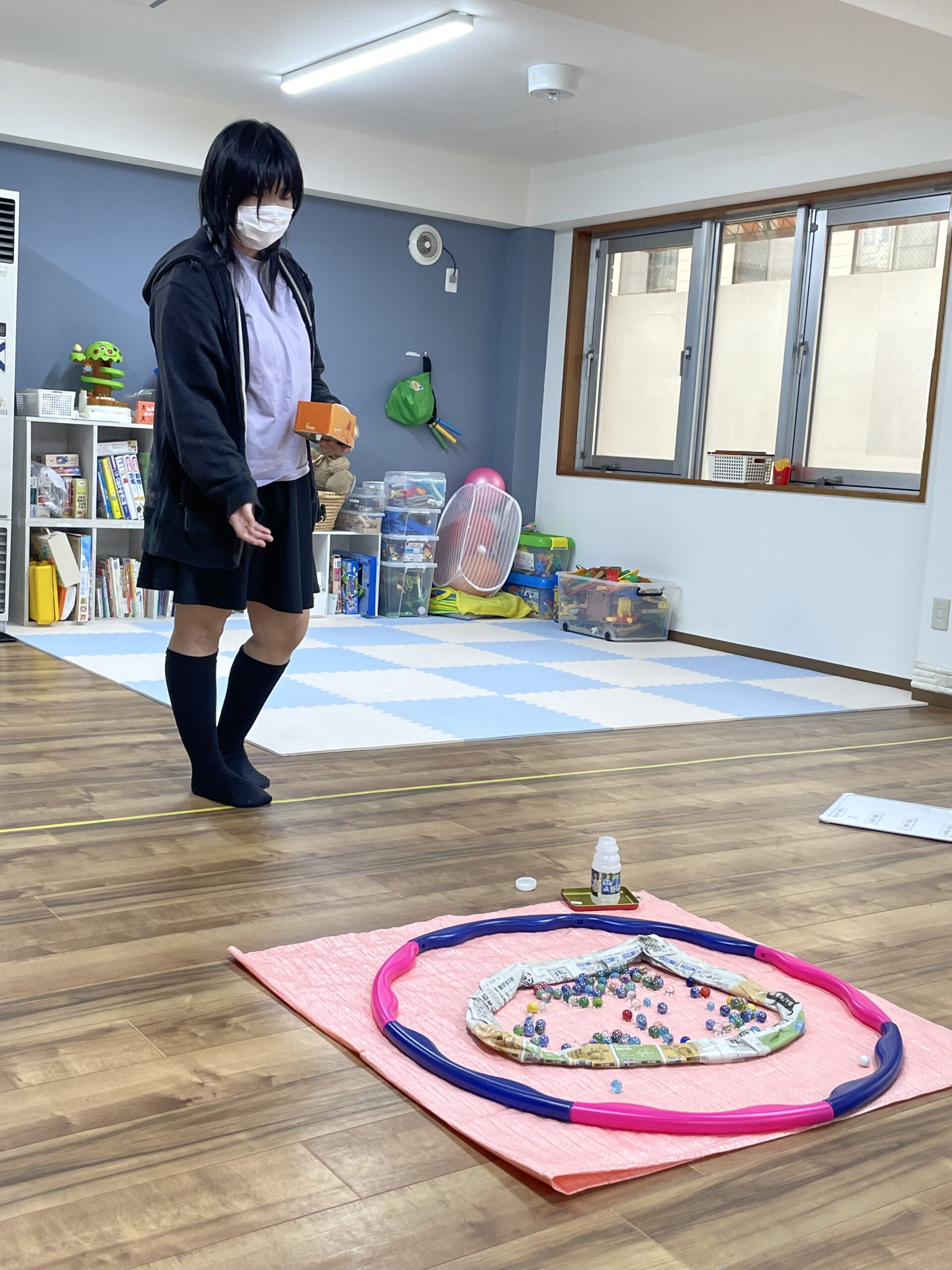 姿勢を低くしてみたり、ビー玉の投げる角度を気にしながら挑戦していました!!
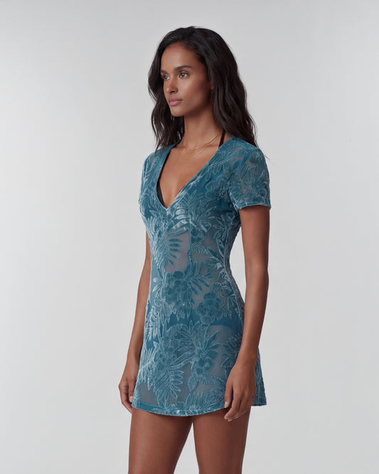 VIOLA COUNTRY FLORAL TEAL WOMENS V-NECK MINI DRESS
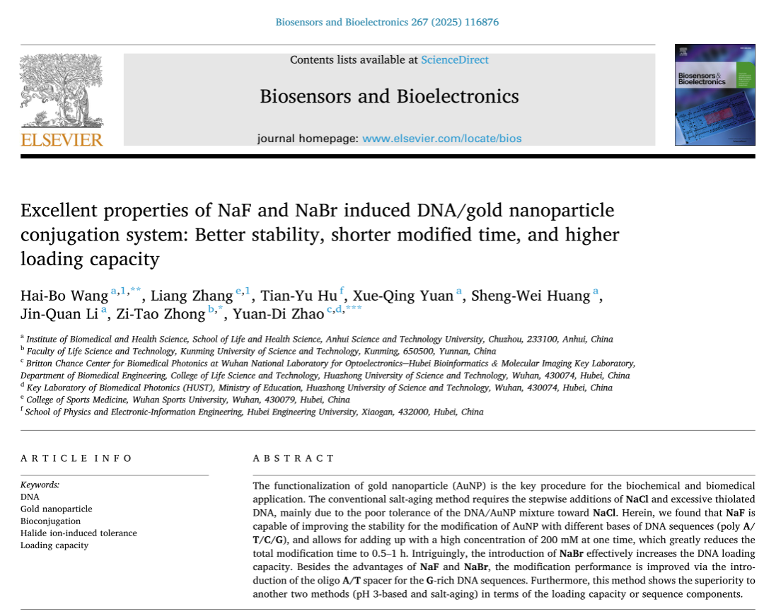 近日,我校生命与健康科学学院王海波博士(第一/通讯作者)在生物传感领域国际顶级期刊《Biosensors & Bioelectronics》(中科院一区Top期刊,影响因子:10.7,CiteScore:20.80)在线发表了题为“Excellent properties of NaF and NaBr induced DNA/gold nanoparticle conjugation system: Better stability, shorter modified time, and higher loading capacity”的研究成果,DOI: 10.1016/j.bios.2024.116876。该论文第一单位为QY球友会,昆明理工大学钟子涛博士和华中科技大学赵元弟教授为共同通讯作者。本研究在安徽省教育厅重点项目(2023AH051869)、QY球友会引进人才项目(200181)以及安徽雪郎生物科技股份有限公司的经费资助下完成。

Task to carry out:
Transcribe the listing exactly; omit all images.

Answer section:
 姿勢を低くしてみたり、ビー玉の投げる角度を気にしながら挑戦していました!!
 VIOLA COUNTRY FLORAL TEAL WOMENS V-NECK MINI DRESS
 近日,我校生命与健康科学学院王海波博士(第一/通讯作者)在生物传感领域国际顶级期刊《Biosensors & Bioelectronics》(中科院一区Top期刊,影响因子:10.7,CiteScore:20.80)在线发表了题为“Excellent properties of NaF and NaBr induced DNA/gold nanoparticle conjugation system: Better stability, shorter modified time, and higher loading capacity”的研究成果,DOI: 10.1016/j.bios.2024.116876。该论文第一单位为QY球友会,昆明理工大学钟子涛博士和华中科技大学赵元弟教授为共同通讯作者。本研究在安徽省教育厅重点项目(2023AH051869)、QY球友会引进人才项目(200181)以及安徽雪郎生物科技股份有限公司的经费资助下完成。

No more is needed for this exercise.